治郎丸さんは川崎競馬の月曜のパドック解説を担当していますが、自らを「即興パドック解説者」と呼び、出走馬の前走の着順やタイム、追い切りの動き、
他馬との力関係等について、敢えて知らないようにしているとのこと(166-167頁)。
「情報があればあるほど、僕たちの馬を見る目は曇っていく。これは人間の避けがたい習性である気がします」(172頁)とありますが、
そんな習性を徹底的に排除したのが、それこそ上述のダブル・ブラインド・テストなのです。
「ほとんどの競馬ファンや関係者は推奨馬が馬券になったか(的中したか)を期待しているため、意識的であっても無意識であっても、
パドック解説者も推奨馬が馬券に絡むという結果を望むようになります」(174頁)、そして
「パドックの良し悪しとレースの結果は常にストレートに結びつくわけではないという意味です」(175頁)とあり、これは私が
「近親交配(インブリーディング)とは何か?(その10)」に、あくまで競走馬の個々の成績という観点においては、
安直にインブリーディングとアウトブリーディングに良し悪しをつける発想は捨ててください、と書いたことと相通ずるものがあります。
治郎丸さんは「パドックはあくまでもひとつの要素にすぎません」(185頁)とおっしゃっていますが、馬体にしても、血統にしても、
これらはサラブレッド個々のキャラクターの一部にすぎないということを忘れてはなりません。それぞれがパズルの1ピースであり、それ以上ではないということです。
これを書いている今日は、バファローズとタイガースの日本シリーズの第7戦。最終決戦です。
過日の第4戦では、バファローズの中嶋監督の採った最終回の満塁策が結果として裏目に出て、各種記事やネットではさんざんなことが言われた様子です。
「良い結果に出れば正解、悪い結果が出た方は不正解」と安直に見られてしまうのは競馬予想も同じという旨のコメントがSNSにありましたが、
まさしくこれは、コインを投げて表が出たとして、表が出る方に賭けた者は素晴らしい判断力があると周囲が絶賛するようなものでしょう。
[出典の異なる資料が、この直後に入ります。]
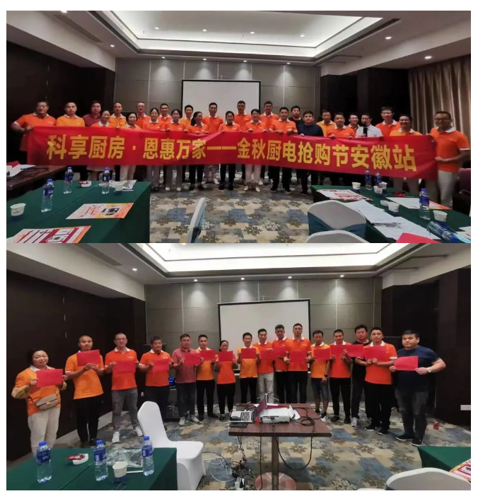 實(shí)操演練和簽訂軍令狀環(huán)節(jié)使得本次啟動(dòng)大會(huì)的氣氛達(dá)到最高潮,至此,科享廚房·恩惠萬家——金秋廚電搶購(gòu)節(jié)安徽站大促活動(dòng)的號(hào)角正式打響!大家斗志昂揚(yáng),信心滿滿,相信依靠科恩總部的戰(zhàn)略指導(dǎo),營(yíng)銷精英的培訓(xùn)督導(dǎo)以及全體科恩人的不懈努力下,本次大促活動(dòng)必將火爆全城!
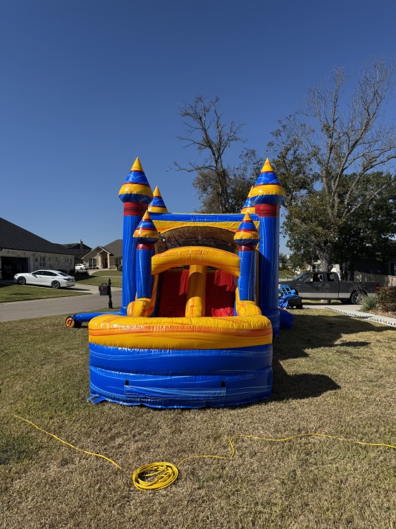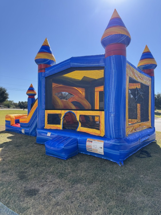 - OCCUPANCY: A maximum of 5-6 kids of equal size at one time for bounce houses, and 1 person at a time for slides is what most inflatable manufacturers recommend.

「たまたま」にはビル・ゲイツの話を引用しましたが、これも同様のことなのかもしれません。
つまり、世のあらゆる物事をついつい後付けの理屈で評価してはいないだろうか? そんな冷静な視点をきちんと持つ必要があるような気がしたのです。
治郎丸さん、重ねて先日は有難うございました。今度またゆっくりとランチをしましょうね。
(2023年11月5日記)
冒頭に書いたメイケイエールのブリーダーズカップ参戦に関する是非が現在ネットを賑わせていると聞きましたが、まさしくこれも後付けの話であり、
勝っていればみんなそろって「是」という見解だったのでしょう。